◆ About this task
Each line below from the one containing "BeadTin Light Pink" through the one containing "23 апреля в" is to be given again exactly, and no line outside that span.

----- Material shown

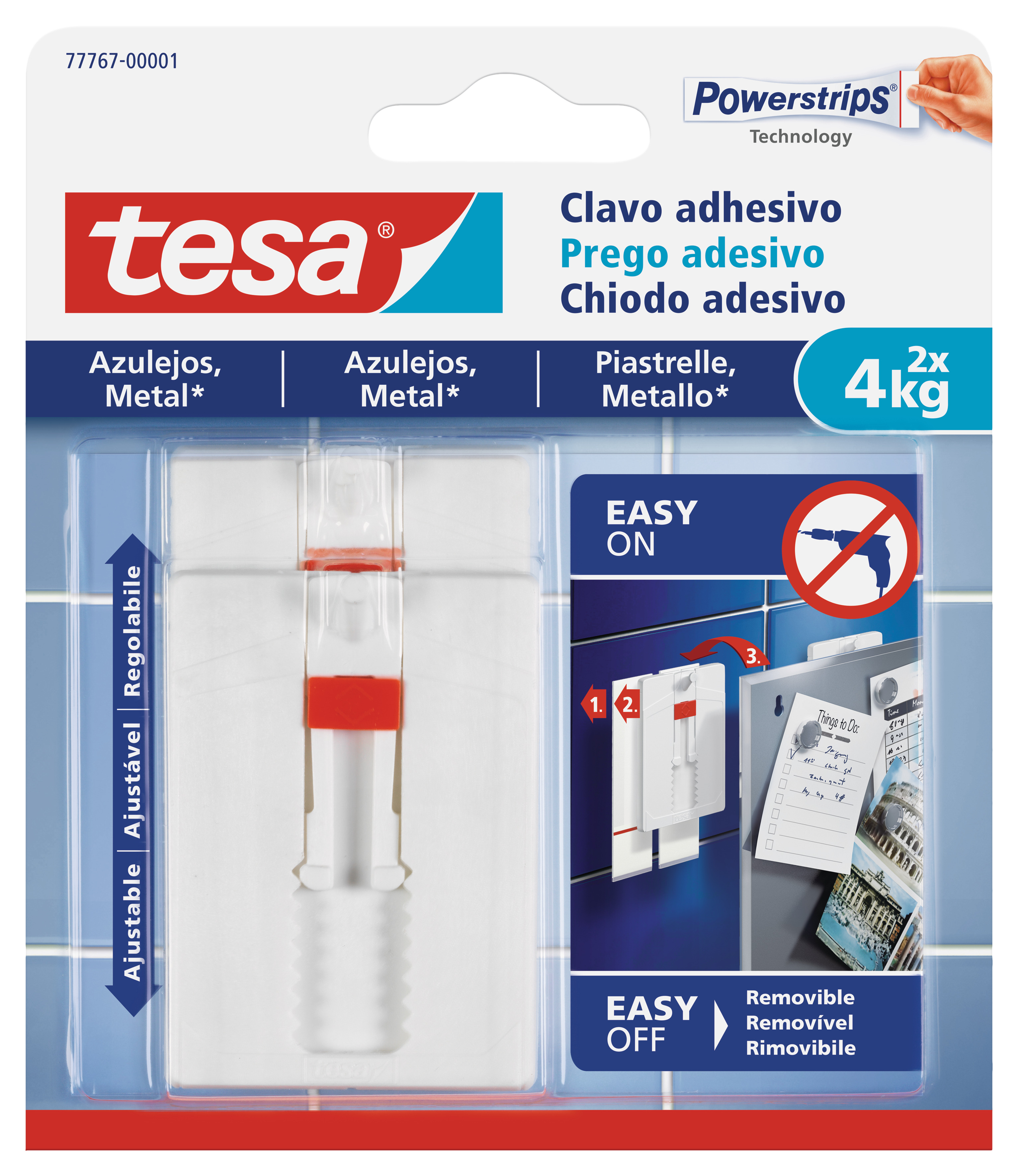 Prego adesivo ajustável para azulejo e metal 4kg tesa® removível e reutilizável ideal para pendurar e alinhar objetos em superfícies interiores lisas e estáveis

----------
----- Material shown

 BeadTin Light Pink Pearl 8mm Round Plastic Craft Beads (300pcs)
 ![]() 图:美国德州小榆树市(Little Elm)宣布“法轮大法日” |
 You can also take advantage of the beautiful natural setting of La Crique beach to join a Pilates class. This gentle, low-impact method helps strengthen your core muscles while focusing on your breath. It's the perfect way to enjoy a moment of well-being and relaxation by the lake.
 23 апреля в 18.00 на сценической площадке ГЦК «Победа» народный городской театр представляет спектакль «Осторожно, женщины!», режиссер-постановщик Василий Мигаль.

----------
----- Material shown

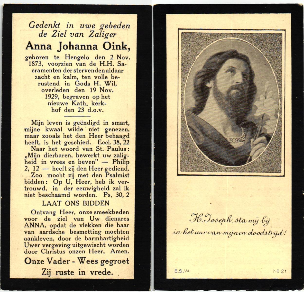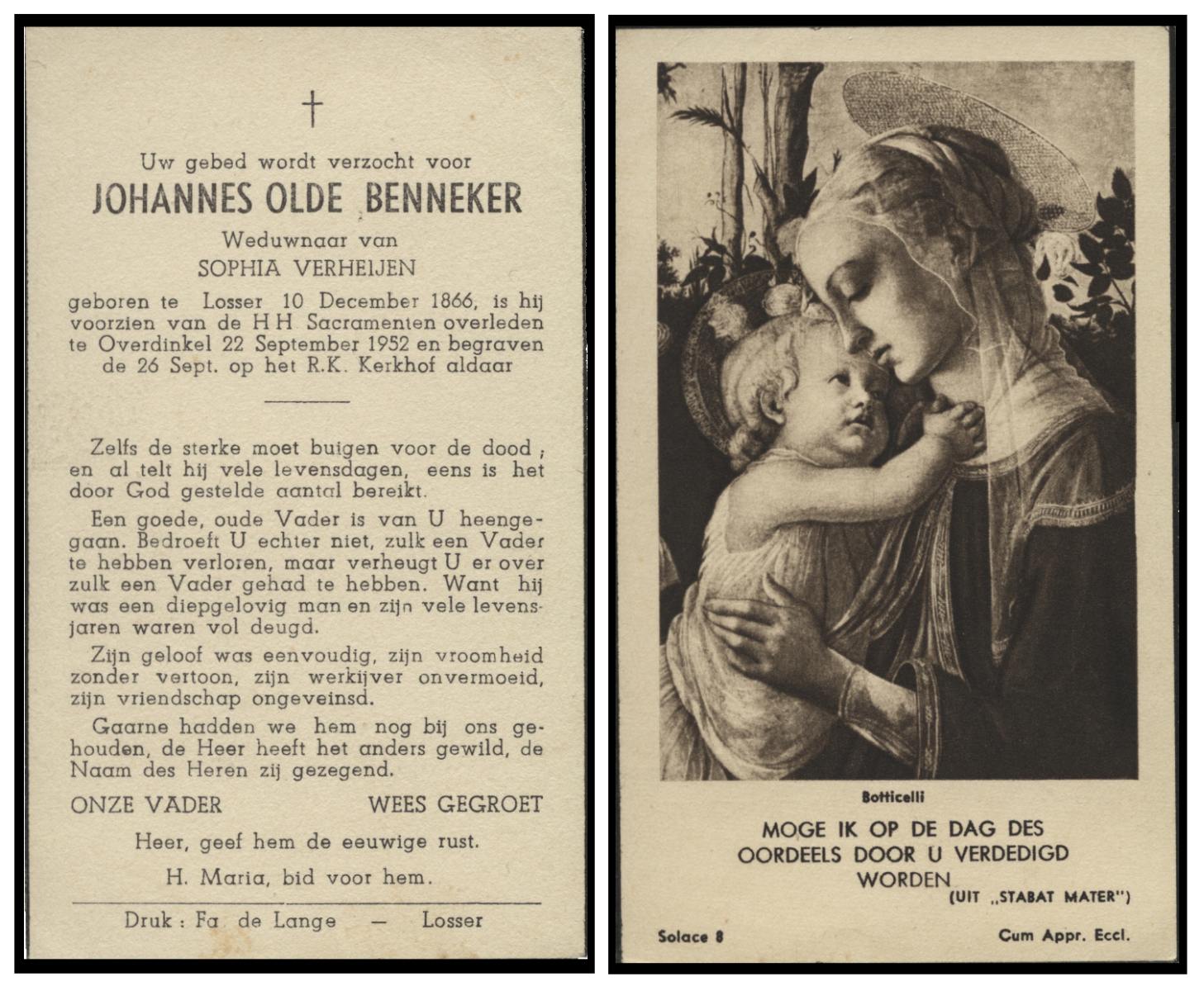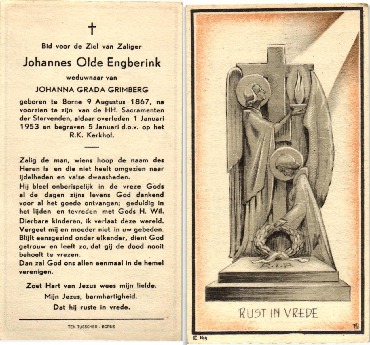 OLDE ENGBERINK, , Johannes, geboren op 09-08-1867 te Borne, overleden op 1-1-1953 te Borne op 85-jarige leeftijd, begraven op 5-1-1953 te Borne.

----------

◆ Answer below
 BeadTin Light Pink Pearl 8mm Round Plastic Craft Beads (300pcs)
 ![]() 图:美国德州小榆树市(Little Elm)宣布“法轮大法日” |
 You can also take advantage of the beautiful natural setting of La Crique beach to join a Pilates class. This gentle, low-impact method helps strengthen your core muscles while focusing on your breath. It's the perfect way to enjoy a moment of well-being and relaxation by the lake.
 23 апреля в 18.00 на сценической площадке ГЦК «Победа» народный городской театр представляет спектакль «Осторожно, женщины!», режиссер-постановщик Василий Мигаль.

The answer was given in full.